One hospital-appointed psychologist was ready, when I was two years old, to label me as "Profoundly retarded," and was going to recommend that I be placed in an asylum. And then, there was the occupational therapist, who recommended that Mother keep a sandbox in the house for me to play in, to help develop my fine-motor skills, disregarding the fact that we had four housecats. (...) These professional experts were like the strangers on the road to the city, who, in the original Aesop tale The Man, His Son, and His Donkey, were ready to tell us we were doing everything wrong, even though they only saw us for a brief moment, and knew nothing of the road we'd traveled before we met them.

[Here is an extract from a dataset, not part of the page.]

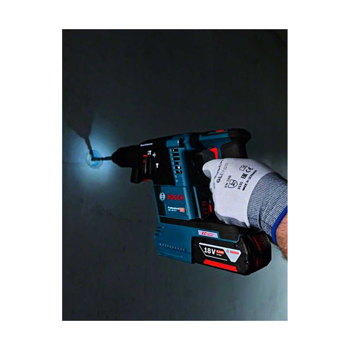 Perforateur BOSCH GBH 18V-26 F Professional - Perforateur universel avec mandrin interchangeable de la gamme des perforateurs sans-fil SDS plus - Fonction KickBack Control et électronique EPC (Electronic Precision Control) pour une meilleure maîtrise de l'outil et une meilleure protection de l'utilisateur - Force de frappe de 2,6 J pour une progression de perçage rapide et une capacité de burinage élevée - Conçu pour les applications de perçage et burinage dans le béton, la maçonnerie, le bois et le métal - Dispose également de la fonction Constant Speed, d'un moteur sans charbon, d'une électronique de protection du moteur (EMP), d'un éclairage LED, d'un embrayage de sécurité, d'un variateur de vitesse, de la fonction Vario Lock et du système Vibration Control - Compatible avec divers dispositifs d'aspiration de poussière ainsi qu'avec toutes les batteries et tous les chargeurs 18 V de Bosch Professional (Professional 18V System)
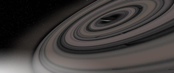 图解:艺术家在2007年描绘的土星环影像,冰冷的微粒聚集成环的固体部分。细长的丛集不断的形成和分散,最大的颗粒也只有几米的直径。

Meanwhile, at home, my mother saw that I was far from helpless -- she recognized that, as in The Blind Man and the Lame Man, the only thing I could not do was walk, and that if I had help with that, there was a lot I could do to help others.
And, looking back now, I can see how it was her own experience, and powers of observation, that gave new purpose and meaning to the donkey in her story that never existed in either of her sources: the power of aids and assistive devices to effectively "erase" the appearance of disability. Give me an alternative way to get up the stairs, and let me have a desk I could roll my wheelchair up to, and there was absolutely no reason why I couldn't go to a regular school with the other children in my neighborhood. I can also see how, as she argued with experts and fought to maintain her composure while pleading my case, this new wrinkle would become the most important part of the story, and the hinge-pin on which the moral turned. And because the two fables, taken together, reflected a truth she recognized so deeply in her day-to-day life, she mistakenly thought it was a truth that many people had shared, going all the way back (at least) to the writing down of the Bible.
But I'm convinced this is a case of reverse Cryptomnesia. Usually, people read something written by someone else, and when, after many years of being nearly forgotten, experience brings the memory back, they think it was theiir own, original, idea. My mother invented her own story, and attributed it to something she read in a book of wisdom, long ago (even though she was a bit fuzzy on which book it was).
There is no mention of cerebral palsy, or hospital corridors, or meetings with teachers and principals before the start of a new school year, but that, ultimately, is what my mother's version of "The Lame Leading the Blind" is all about. And so, I believe, it is with so many stories of the outcasts and the odd that appear in folktales through the years. Sometimes, though, the telling details get blurred, without the lens of personal experience to bring them into focus.